La recensione
La speranza nel Sud di «Bar Giuseppe»: da oggi su Rai Play il film di Giulio Base
Girato in Puglia, Ivano Marescotti è protagonista di una metafora evangelica e anti-razzista
È possibile rinnovare il principio-speranza? Quale è la radice dell’amore? Siamo capaci di riconoscere la salvazione nella grazia di un incontro? Campo Base in Puglia per le domande radicali. Si scherza, ma neanche tanto, considerando che Bar Giuseppe, il nuovo film di Giulio Base dopo il premiatissimo Il banchiere anarchico tratto da Pessoa nel 2017, è una rivisitazione delicata e potente della parabola di san Giuseppe sullo sfondo delle migrazioni e del razzismo nell’Italia dei nostri giorni. Girato in gran parte a Bitonto e nel suggestivo «vuoto» di Loconia nei pressi di Canosa (con scene a Palo del Colle, Terlizzi e Lavello), Bar Giuseppe è stato presentato al Festival di Roma e da oggi 28 maggio sarà visibile gratuitamente sulla piattaforma di RaiPlay nell’ambito di «La Rai con il cinema italiano», un ciclo di otto film ch’erano pronti ad uscire in sala mentre piombavamo nel grande letargo da Covid 19.
Diciamo subito che Base ha realizzato un’opera preziosa anche per l’immagine della Puglia, finalmente estranea all’ebbrezza para-turistica di certe commediole sciué sciué. Qui infatti il nostro Sud è restituito all’orizzonte terragno eppur metafisico che gli è proprio, quell’incrocio di contraddizioni sociali e utopie celestiali già scandagliato sullo schermo da Sergio Rubini, Gianni Amelio, Ermanno Olmi, Daniele Vicari... Una terra dell’innocenza perduta che forse è possibile ritrovare, stando al protagonista Ivano Marescotti, magnifico nel contenere ed elaborare in silenzio i conflitti interiori e le schermaglie familiari. È lui Giuseppe, il titolare di un bar-benzinaio collocato simbolicamente fra la Murgia e l’Ofanto, una frontiera frequentata da esuli extracomunitari e animata da un afflato quasi «balcanico» di danze gitane un po’ alla Kusturica (la colonna sonora è di Pietro Freddi). Ultrasessantenne rimasto vedovo con due figli adulti (il panettiere Nicola Nocella e lo sfaccendato Michele Morone), Giuseppe è pronto ad accogliere come aiutante nella stazione di servizio e poi fra le mura domestiche la giovanissima profuga africana Bikira, che ha il candore dell’attrice esordiente Virginia Diop, romana di padre senegalese.

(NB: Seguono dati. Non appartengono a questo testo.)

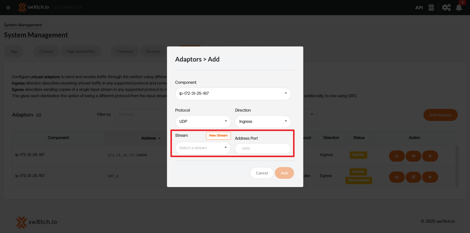1. Select one of the Streams created in the Streams tab from the dropdown, and designate a listener Address Port
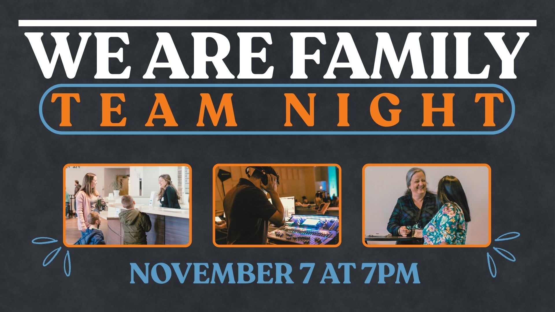 Are you a part of our serving family? Join us for TEAM NIGHT! This is a time where we come together to honor YOU and pour vision! We hope to see you there on November 7th at 7pm. Dinner is provided.
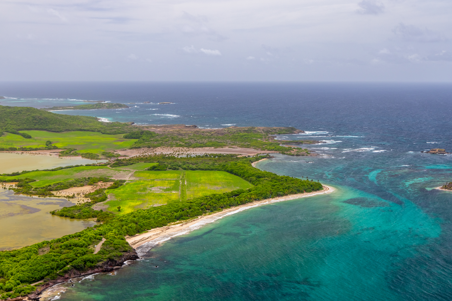 The Savane des Pétrifications (Savannah of Petrifications) extends in the municipality of Sainte-Anne near the renowned Salines beach at the southeastern tip of Martinique. It is formed by an ancient dried marsh installed on the site of a very old volcano. It is dominated by one of its remains, the Morne des Pétrifications, which culminates at 390 ft (119 m). The Savane des Pétrifications, whose altitude is close to zero, adjoins the sea and Pointe de l'Enfer over 25 acres (10 ha). It faces the emerged rock of the Table du Diable (Devil's Table), the subject of many legends.
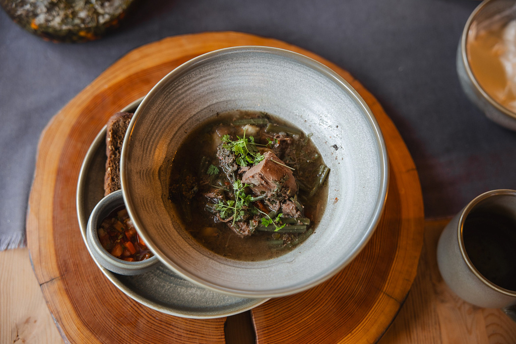 А как в «Манжероке» кормят! Изысканно, вкусно, разнообразно. Смело миксуя какие-нибудь мудреные гастрономические названия с местными специалитетами. Хочется отметить каждый ресторан. И дизайнерский «Тенгри», где у нас был заключительный ужин с квизом и песнями. И видовой бар «Чилим», где очень приятно чилить даже большой компанией. И умопомрачительный итальянский «Манжара», где хотелось длить каждый миг. И даже основной ресторан отеля, в котором накрывают удивительные завтраки с разными алтайскими вкусностями.
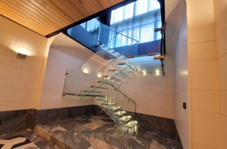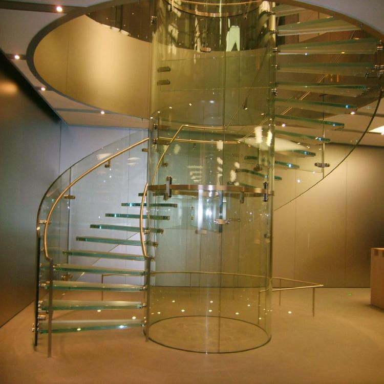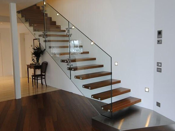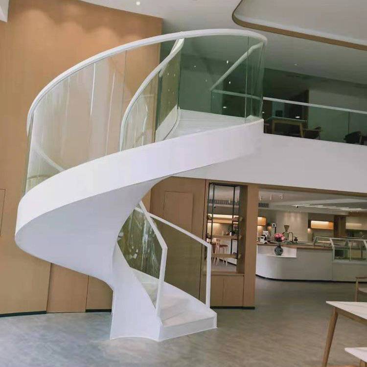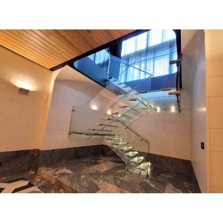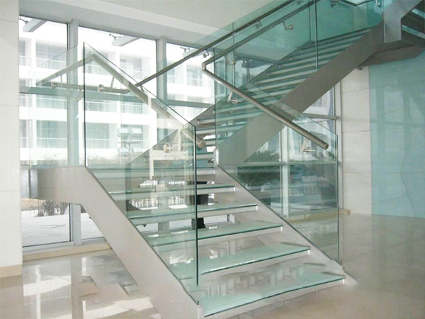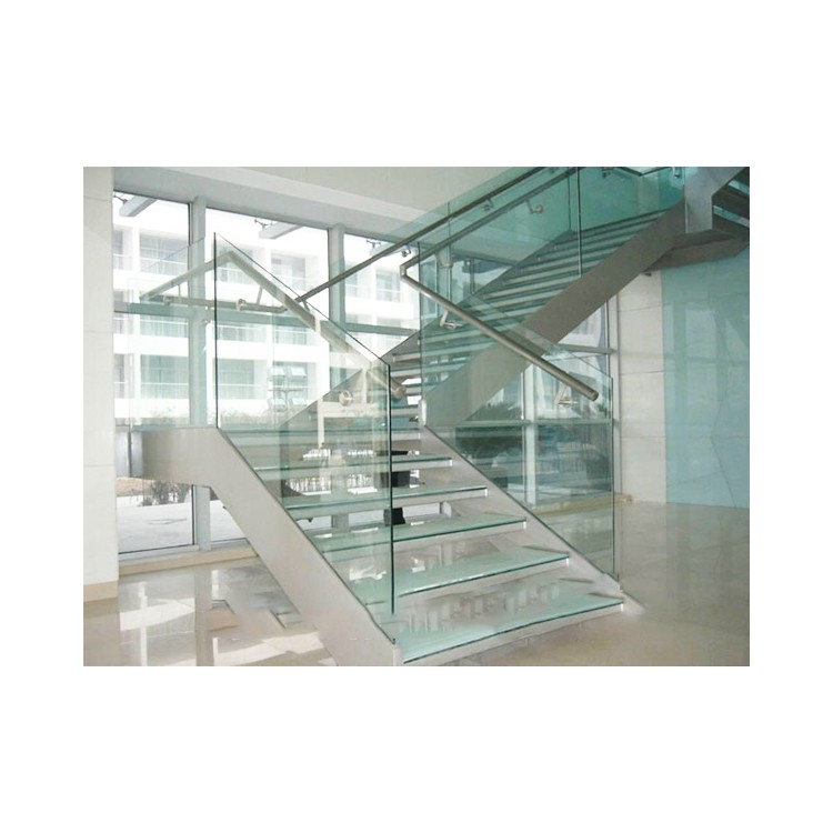 玻璃樓梯 碳鋼材質(zhì) 白色透明鋼化玻璃 平臺玻璃欄桿扶手

La ragazza, conquistata dalla bontà di Giuseppe, gli chiederà di prenderla in moglie e le nozze avranno luogo sfidando i pregiudizi dei paesani, nonché l’ostilità dei figli dell’anziano sposo. Il resto sarà bene non rivelarlo, sebbene sui Vangeli vi dovrebbe essere poco da... spoilerare. Il cinquantacinquenne Giulio Base, che per il soggetto di Bar Giuseppe ieri ha ottenuto la candidatura ai Nastri d’Argento, si è ispirato a un testo del cardinale Gianfranco Ravasi sul padre di Gesù ed è un autore, oltretutto forte di una seconda laurea in Teologia, attratto dalla dimensione mistica quanto dalla storia e dalla letteratura (ha appena concluso le riprese di un film sulla Shoah, Un cielo stellato sopra il ghetto di Roma). Del resto, in Bar Giuseppe s’intravedono fra i rari volumi nella dimora del protagonista il Meridiano di Kerouac e Il regno di Emmanuel Carrère, in cui lo scrittore francese «ripercorre da investigatore i sentieri del Nuovo Testamento».
Prodotto da «One More Pictures» di Manuela Cacciamani con Rai Cinema e con il sostegno di Apulia Film Commission, il film si avvale di contributi di pregio sia nel cast (segnaliamo la palermitana Selene Caramazza nel ruolo della moglie del pugliese Nocella, a sua volta bravissimo) sia nelle collaborazioni artistiche della scenografa Isabella Angelini che valorizza al massimo gli scorci pugliesi o del direttore della fotografia Giuseppe Riccobene, capace di dar corpo a una luce crepuscolare e vivissima nella landa quasi desertica scelta da Base (la kènosis di Cristo è svuotamento, spoliazione).
Il prossimo titolo su RaiPlay è La rivincita di Leo Muscato, prodotto da Cesare Fragnelli e girato a Martina Franca, in programma dal 4 giugno.